Search code examples
regexloggingregex-lookaroundsflat-file

multiline regex with lookahead


I`m currently trying to read a log file with regex. My logs begin with a timestamp followed by a random multiline message which can include multiple new lines, returns and all types of character.

The regex should capture everything starting with the timestamp, the actual log message until we reach a new timestamp. At the moment I do this by using a positive lookahead till the next timestamp.

On the webside regex101 the code works more or less. In our security event manager the same regex doesn't work. I need to save every event with the timestamp being the first capturing group and the log message being the second capturing group.

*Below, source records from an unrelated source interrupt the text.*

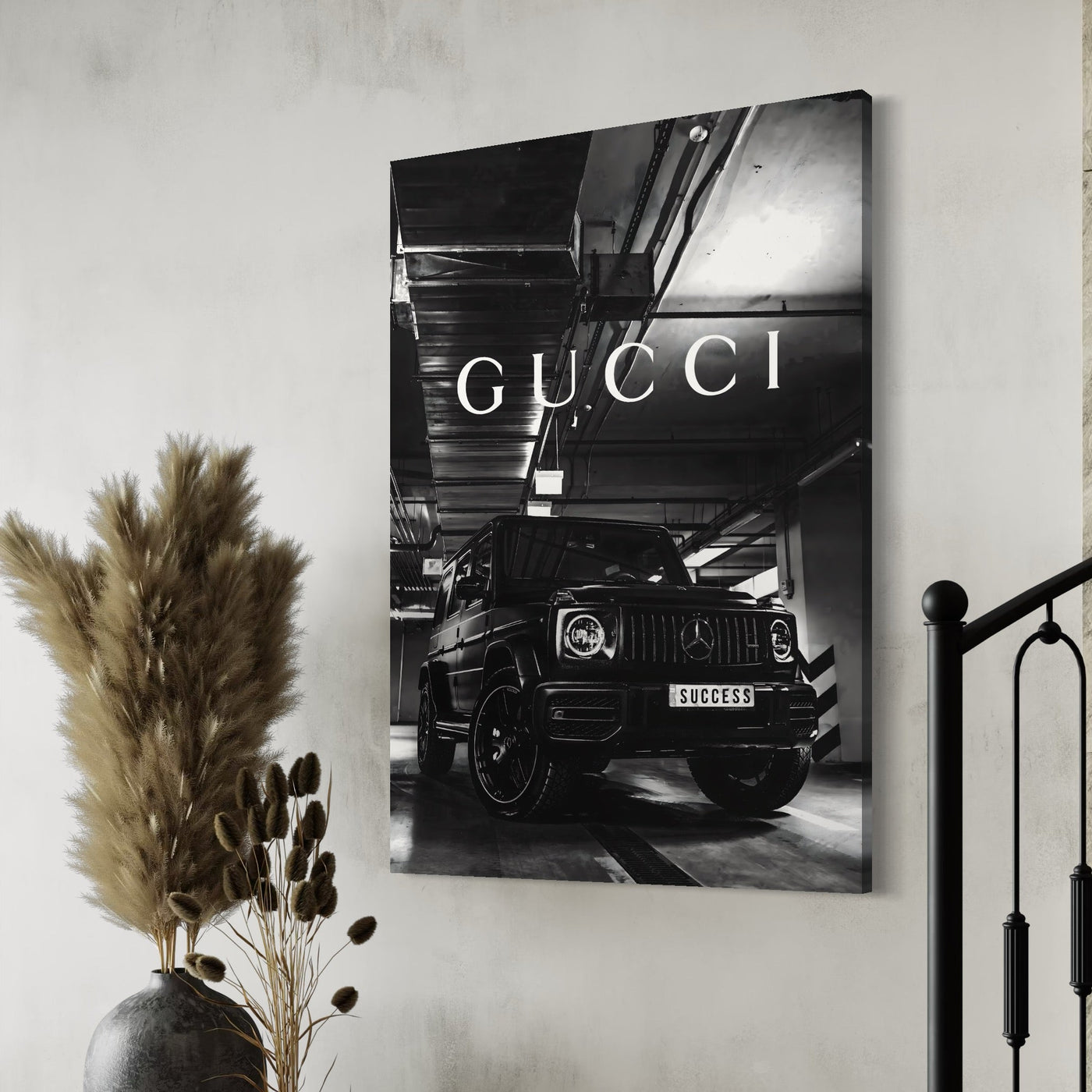 Tablou Canvas Premium, LuxCanva® A1124, Gucci , Mercedes, Succes, Alb, Negru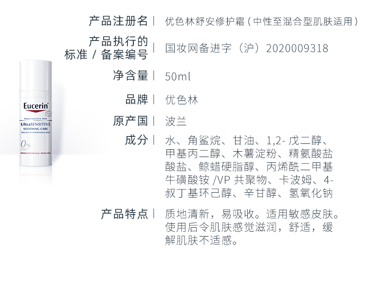 商品名称:优色林舒安霜中性50ml敏感肌修护肌肤屏障面霜保湿滋润乳液女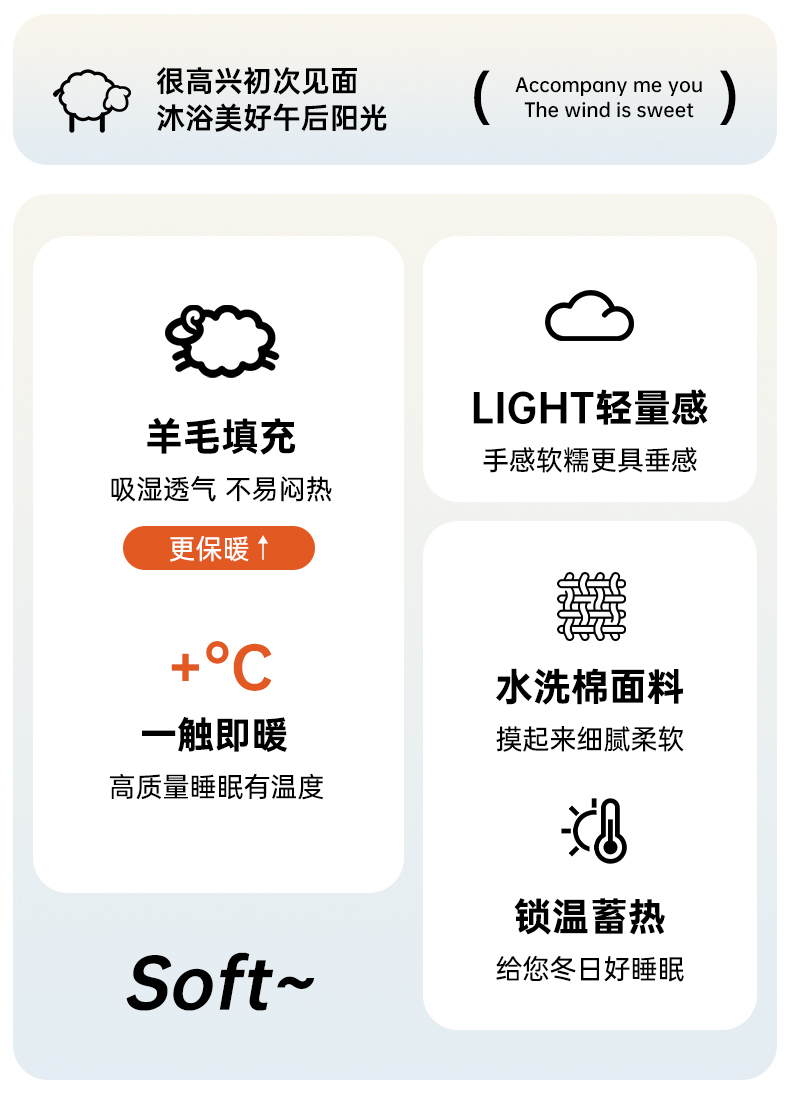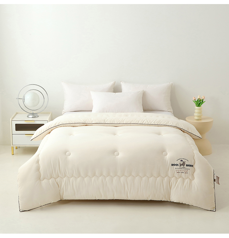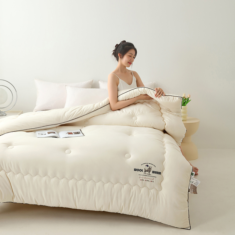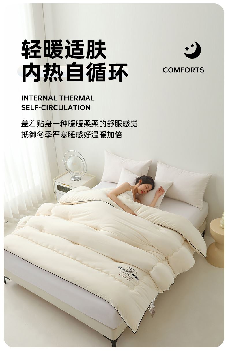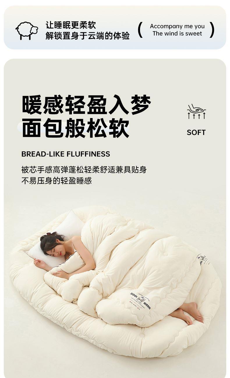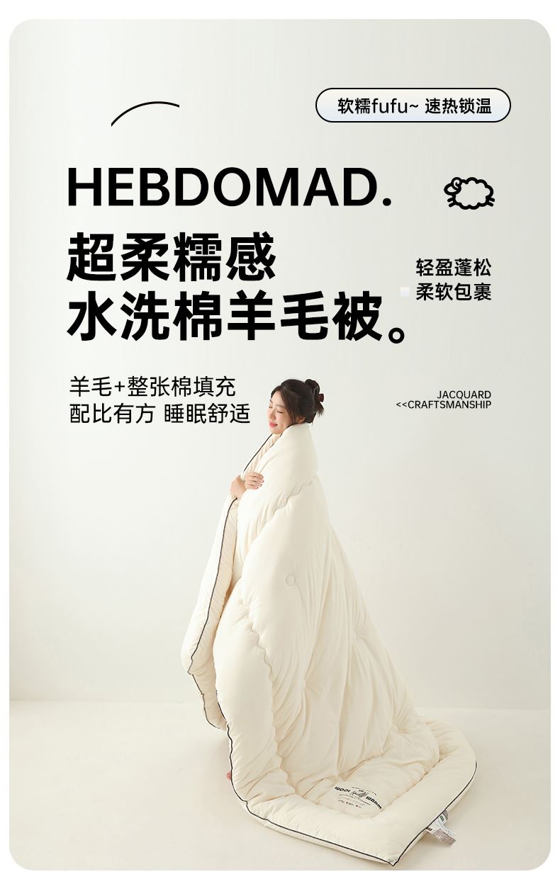 规格:200*230cm 面料:水洗棉 填充:羊毛 克重:2000g 1.甄选羊毛填充,科学配比。羊毛蓬松柔软,吸湿透气性更优异,从源头把控品质,给你纯甄睡眠。 2.暖感轻盈入梦,面包般松软,被芯手感高弹蓬松轻柔舒适兼具贴身不易压身的轻盈睡感。

(\w{3}\s{1}\w{3}\s{1}\d{2}\s{1}\d{2}\:\d{2}\:\d{2}\s{1}\d{4})((\r||.|\n)*)(?=(\w{3}\s{1}\w{3}\s{1}\d{2}\s{1}\d{2}\:\d{2}\:\d{2}\s{1}\d{4}))

Example log:

Tue Sep 14 08:57:47 2021 Thread 1 advanced to log sequence 186 (LGWR switch) Current log# 2 seq# 186 mem# 0: D:\ORADB\DV1\REDO02A.LOG Current log# 2 seq# 186 mem# 1: H:\ORADB\DV1\REDO02B.LOG Tue Sep 14 09:07:40 2021 Thread 1 advanced to log sequence 187 (LGWR switch) Current log# 3 seq# 187 mem# 0: D:\ORADB\DV1\REDO03A.LOG Current log# 3 seq# 187 mem# 1: H:\ORADB\DV1\REDO03B.LOG Tue Sep 14 09:22:09 2021 Thread 1 advanced to log sequence 188 (LGWR switch) Current log# 4 seq# 188 mem# 0: D:\ORADB\DV1\REDO04A.LOG Current log# 4 seq# 188 mem# 1: H:\ORADB\DV1\REDO04B.LOG

regex101

Btw the code only works when I include the \r||.|\n "or null" part of the regex, which I dont understand at all.


Solution

  • You can use [\s\S]* to match any characters since \s is for whitespace (including new lines) while \S is for non-whitespace. For it to not span the whole text, in other words for it to be non-greedy, use the ? symbol e.g. [\s\S]*? Try this pattern:

    (\w{3}\s\w{3}\s\d{2}\s\d{2}:\d{2}:\d{2}\s\d{4})([\s\S]*?)(?=\w{3}\s\w{3}\s\d{2}\s\d{2}:\d{2}:\d{2}\s\d{4}|\Z)
    

    enter image description here

    Where:

    • ( - Start of 1st capturing group
      • \w{3}\s\w{3}\s\d{2}\s - Match Tue Sep 14
      • \d{2}:\d{2}:\d{2}\s\d{4} - Match 08:57:47 2021
    • ) - End of 1st capturing group
    • ( - Start of 2nd capturing group
      • [\s\S]*? - Match any characters including new lines. The match will be in a non-greeedy way (thus the least possible match).
    • ) - End of 2nd capturing group
    • (?= - Start of look ahead assertion
      • \w{3}\s\w{3}\s\d{2}\s\d{2}:\d{2}:\d{2}\s\d{4} - The next part must either be the timestamp (this is the same pattern as the matching of the timestamp in the first part of this whole regex).
      • | - Or
      • \Z - Or the next part must be the end of string
    • ) - End of look ahead assertion. Note that since the pattern before this is non-greedy, this will always be the closest timestamp, thus is always the next timestamp.